According to an Irish Times report of July 7th, those fees were based on hourly rates of €370 per partner, €282 for senior solicitors, €227 for solicitors and €97 for trainee solicitors. Further provision was made for the solicitors to be paid an additional sum up to €150,000 (net of VAT) for further work from this July up to early August.
Two senior counsel were each to be paid a brief fee of €20,000 plus “refreshers” of €4,000 per day.
A junior counsel was to be paid a brief fee of €12,500 with “refreshers” of €2,500 per day.
The two senior counsel who represented Seán Quinn snr, Seán Quinn jnr and Peter Darragh Quinn on June 26th, when judgment was delivered in contempt proceedings, were to get €3,000 each for that day.
Both senior counsel were to get another €4,000 each for representing the Quinns on June 29th, when the High Court made various coercive orders sought by the bank.
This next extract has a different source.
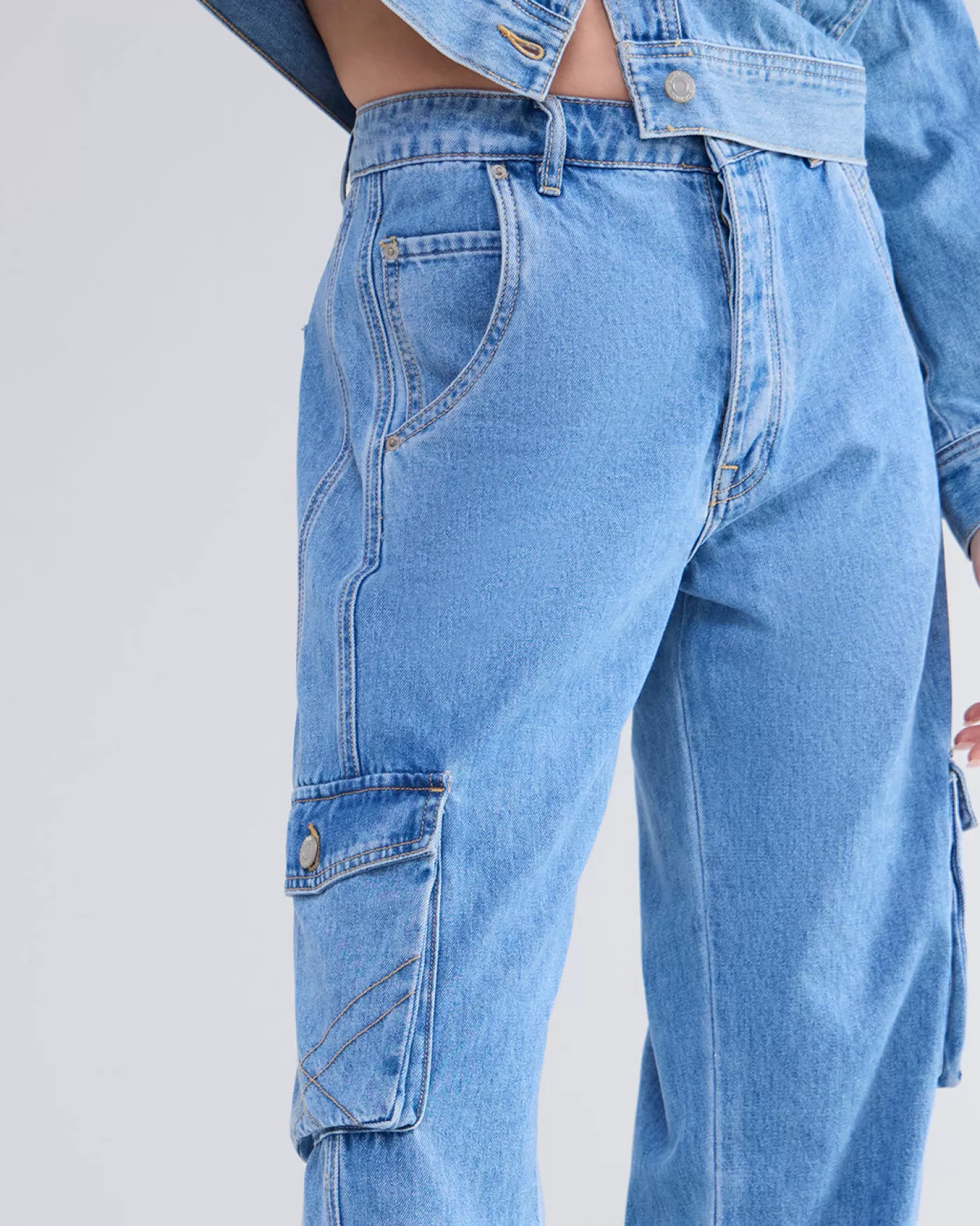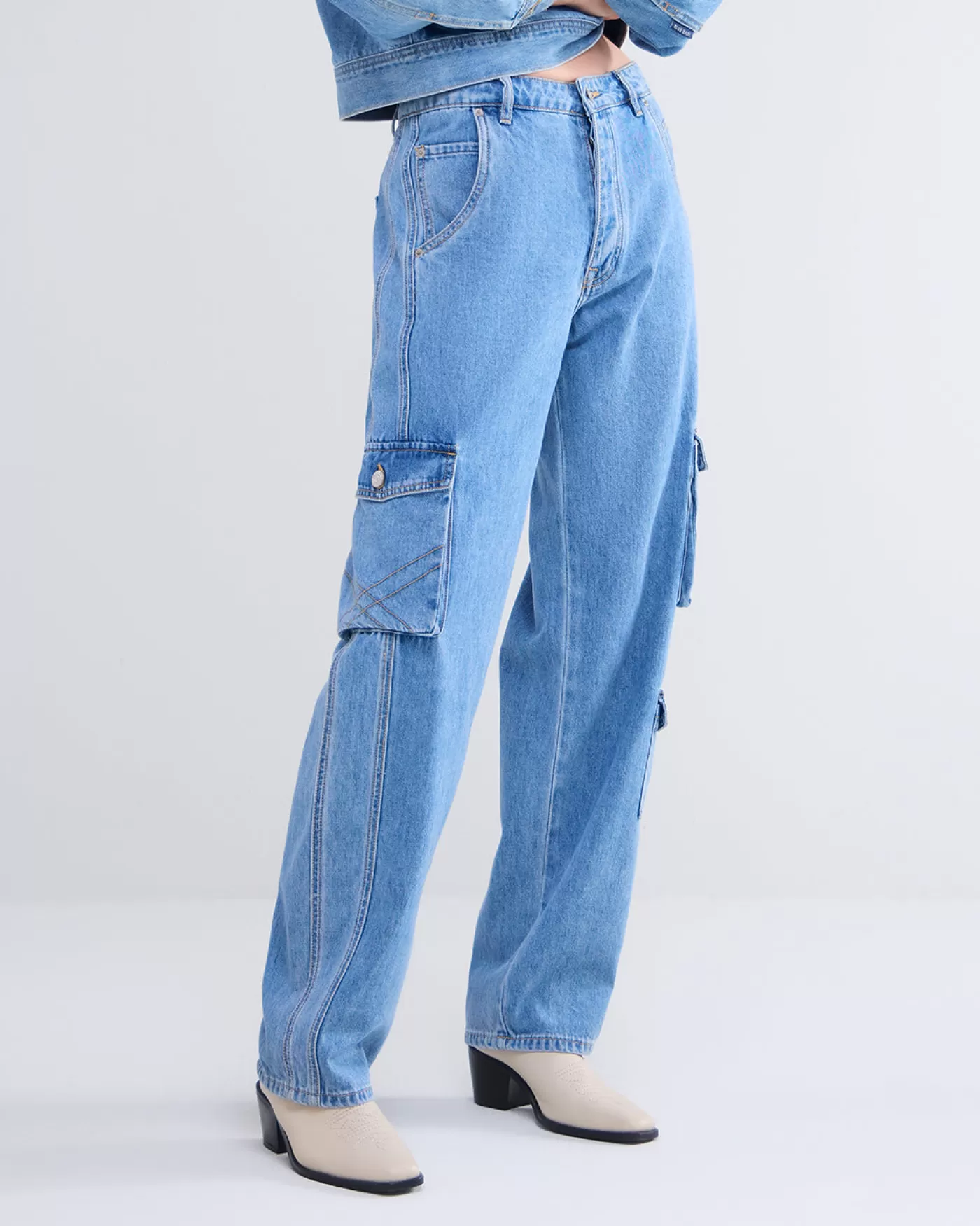 Cargojeans met loose fit, gemaakt van soepele non-stretch denim. Het zijbeen is gedecoreerd met meerdere opgestikte zakken en sierstiksels. loose fit stretch denim knoopsluiting cargo stijl

Senior counsel and junior counsel were to get additional payments for work up to July 20th next.
The Irish Times reported that in relation to the bank’s bid for an order withdrawing reference of a jurisdictional issue to the European Court of Justice, the Quinns’ senior counsel brief fee was €10,000, while junior counsel’s brief fee was €6,000.
Because the funds from which these fees were to be paid are funds which, very probably, will become due to the State, it is us, the Irish people, who are paying these legal fees at a time when 450,000 people are living on the dole and hundreds of thousands are living on the minimum wage of €8.65 per hour.
By what criteria are barristers who sit in a court for perhaps a half an hour listening to a brief summary of a written judgment about to be distributed and a few brief applications and responses plus a conferral with their clients for, say, a further hour, entitled to a fee of €4,000 each for this ordeal? Admittedly they have to read the judgment, which would take them a further hour, say, but still?
What is this brief fee of €20,000? Is it likely that a senior counsel would have to spend a full week reading a brief and conferring with solicitors and clients? Say two weeks, €10,000 a week, or even three weeks at €6,666 a week? Who do they think they are – RTÉ radio/television presenters?